### INFORMATION SUPPLIED
=== Begin Enclosure ===

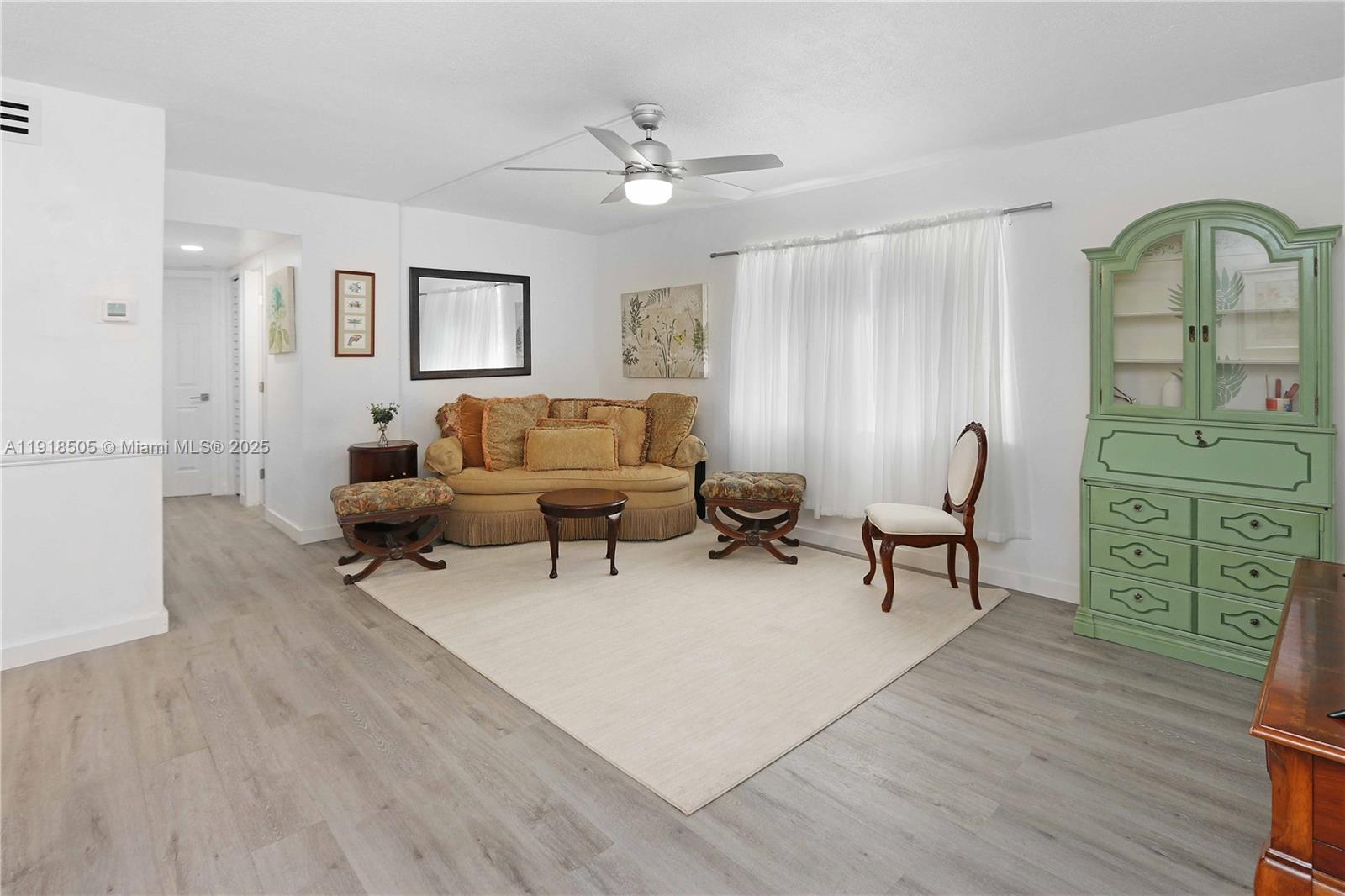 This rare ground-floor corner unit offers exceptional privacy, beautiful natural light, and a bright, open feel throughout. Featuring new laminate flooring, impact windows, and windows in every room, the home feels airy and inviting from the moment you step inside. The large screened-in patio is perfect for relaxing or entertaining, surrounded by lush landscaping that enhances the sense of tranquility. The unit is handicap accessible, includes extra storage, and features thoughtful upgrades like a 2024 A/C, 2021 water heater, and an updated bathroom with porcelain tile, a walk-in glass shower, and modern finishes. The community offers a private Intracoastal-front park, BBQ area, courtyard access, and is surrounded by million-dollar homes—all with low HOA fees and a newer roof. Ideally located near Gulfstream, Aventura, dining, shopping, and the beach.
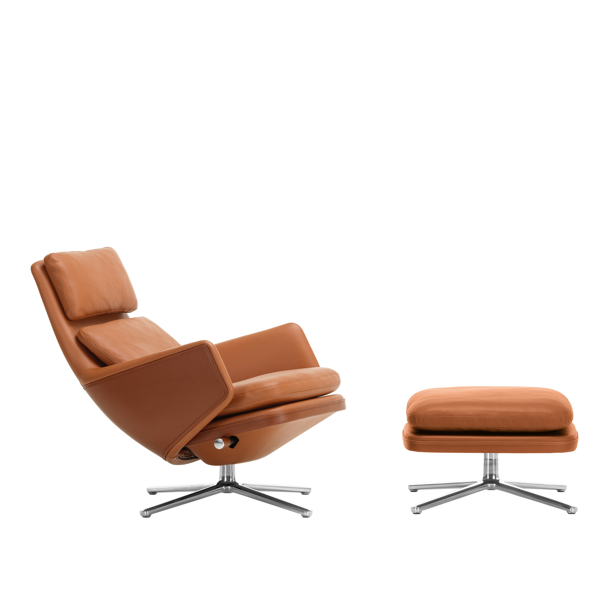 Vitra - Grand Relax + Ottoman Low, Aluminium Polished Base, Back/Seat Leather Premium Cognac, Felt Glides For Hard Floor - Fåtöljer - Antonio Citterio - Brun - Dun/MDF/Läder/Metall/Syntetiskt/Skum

=== End Enclosure ===
=== Begin Enclosure ===

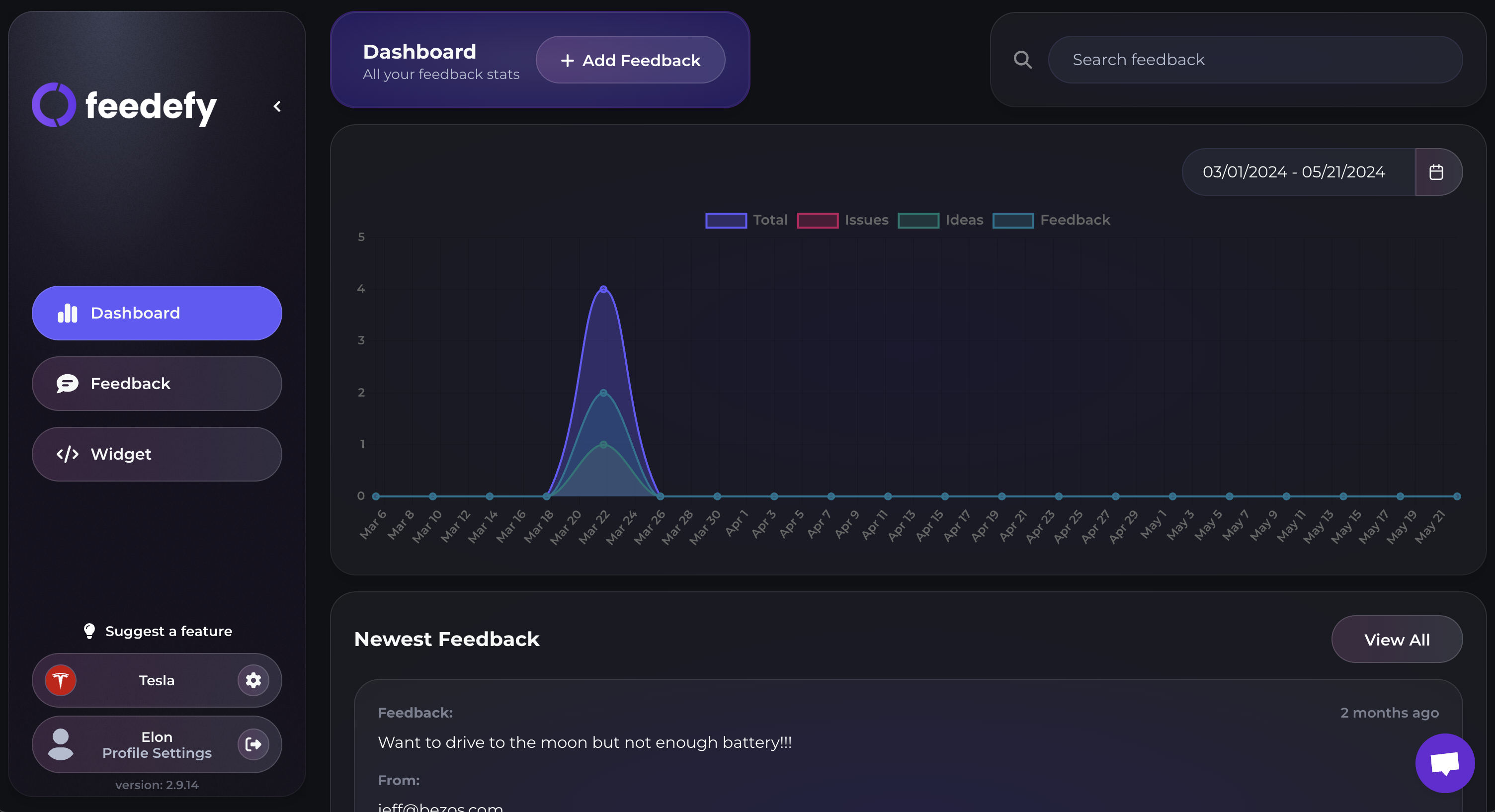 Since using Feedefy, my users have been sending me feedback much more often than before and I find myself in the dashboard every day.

=== End Enclosure ===

### ACTION ITEM
Using the entries above, transcribe every line from the line containing "This rare ground-floor" through the line containing "Vitra - Grand". Do not copy pictures.

### PROBLEM SOLUTION
 This rare ground-floor corner unit offers exceptional privacy, beautiful natural light, and a bright, open feel throughout. Featuring new laminate flooring, impact windows, and windows in every room, the home feels airy and inviting from the moment you step inside. The large screened-in patio is perfect for relaxing or entertaining, surrounded by lush landscaping that enhances the sense of tranquility. The unit is handicap accessible, includes extra storage, and features thoughtful upgrades like a 2024 A/C, 2021 water heater, and an updated bathroom with porcelain tile, a walk-in glass shower, and modern finishes. The community offers a private Intracoastal-front park, BBQ area, courtyard access, and is surrounded by million-dollar homes—all with low HOA fees and a newer roof. Ideally located near Gulfstream, Aventura, dining, shopping, and the beach.
 Vitra - Grand Relax + Ottoman Low, Aluminium Polished Base, Back/Seat Leather Premium Cognac, Felt Glides For Hard Floor - Fåtöljer - Antonio Citterio - Brun - Dun/MDF/Läder/Metall/Syntetiskt/Skum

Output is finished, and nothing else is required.